Frankie shook her head. “I only saw them in my rearview mirror. I just remember thinking there wer
e two of them. One drove while the other one shot at us with a rifle.”
“Just a sec.” Pritney’s voice sounded unusually loud and strident. “How can you be so sure all the shots were from the same weapon? And how did you know it was a rifle?”
Frankie looked at the female deputy. “My uncle taught Tim and me how to use and identify all kinds of weapons. A rifle sounds completely different than a handgun.” She turned back toward Rollins. “Not an automatic, or even a semi-automatic. It was a single-shot rifle, the kind some hunters use. I’d say it was a Ruger 300.”
Deputy Pritney’s lips thinned. “You could tell all that just from the sound?”
Frankie shot a look of what appeared to be pity at Pritney and remained silent.
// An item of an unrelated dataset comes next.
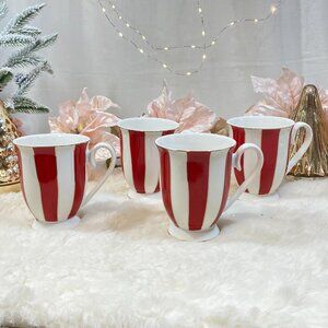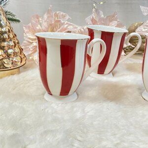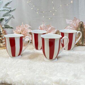 Grace Teaware Fine Porcelain Holiday Red Gold White Stripe Footed Mugs Set of 4

“Is there anyone you can think of who’d want to hurt either you or your brother?” Nick said.
“I’ve gone over and over that question in my mind. I don’t know of anyone who would want me dead. And Tim’s a doctor. He just wants…just wanted to help people.”
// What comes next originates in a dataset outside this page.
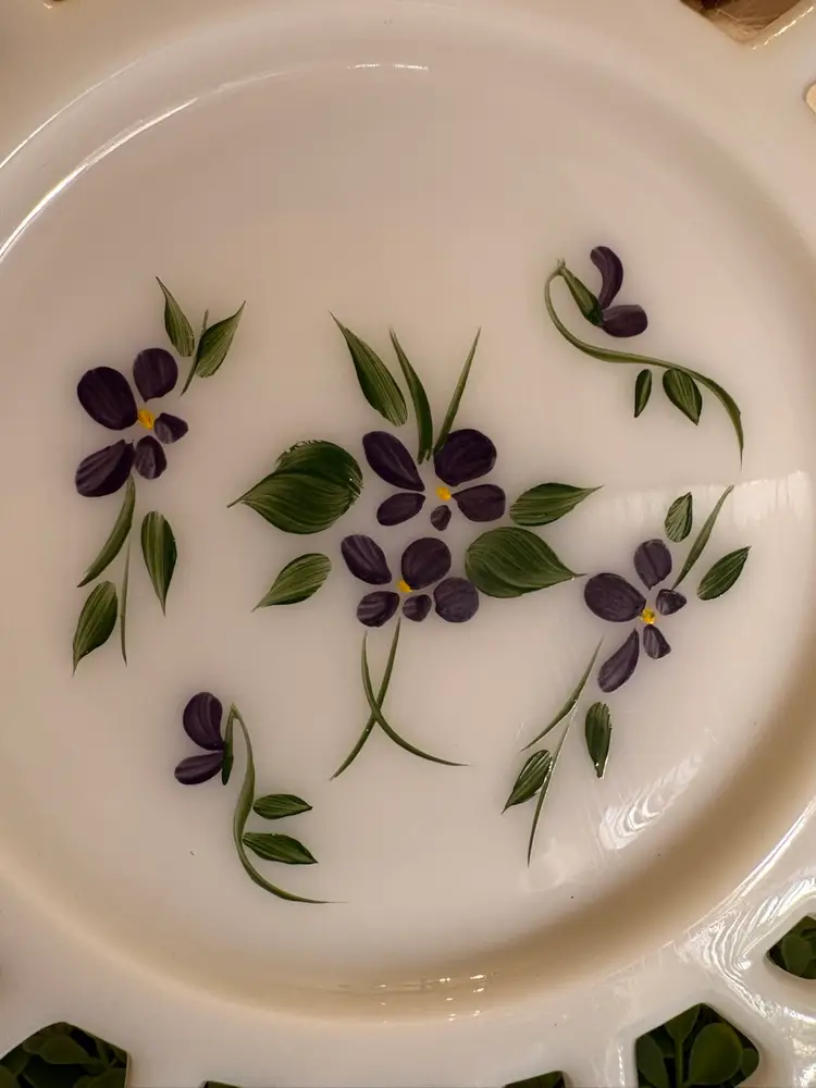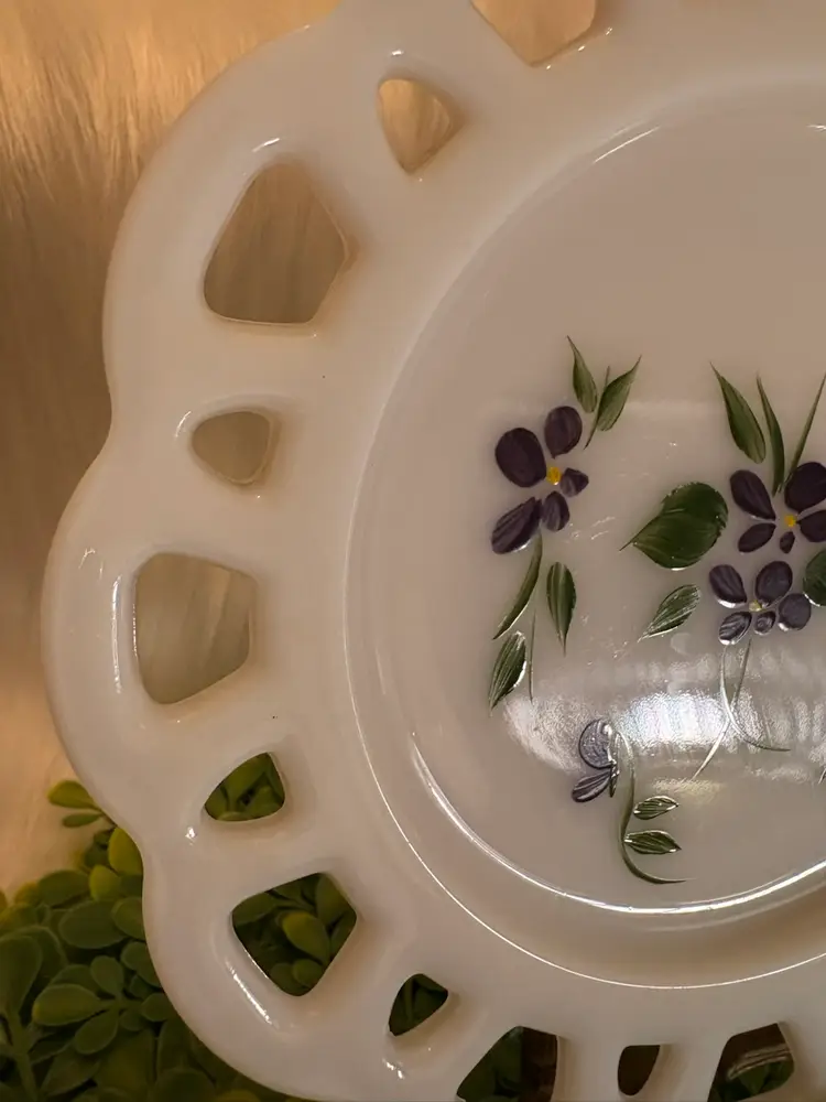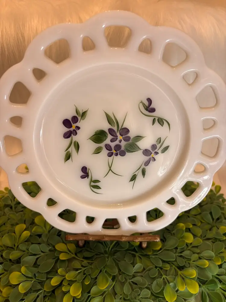 Vintage Hand Painted Milk Glass Plate with Reticulated Edge 8.5”, excellent condition

“Was your brother alive when you pulled him from the vehicle?”
Frankie shook her head. “I don’t…I wasn’t sure. It all happened so fast.” Her voice caught and she cleared her throat. “But he had no pulse and he wasn’t breathing. His head was…his face had been…” Frankie rubbed her eyes with the heels of both hands, as if trying to scrub away some image.
“So why didn’t you leave him in the vehicle and go for help?” Pritney said.
“I figured whoever shot at us would come across the Jeep sooner or later. It just didn’t occur to me to leave Tim behind for them to find.”
Deputy Rollins nodded. He’d seen more than one Marine carry a dead buddy for miles, refusing to give him up until left with no other choice. “So you buried him and went for help.”
“I couldn’t leave him out in the open where the animals could get at him.”
Nick took a business card out of his wallet. He studied the laptop screen in front of Deputy Pritney, wrote a case number on the back of the card, and handed the small square to Frankie. “I’ll stay in touch over the course of the investigation. But feel free to call this number if you have any questions or remember anything.”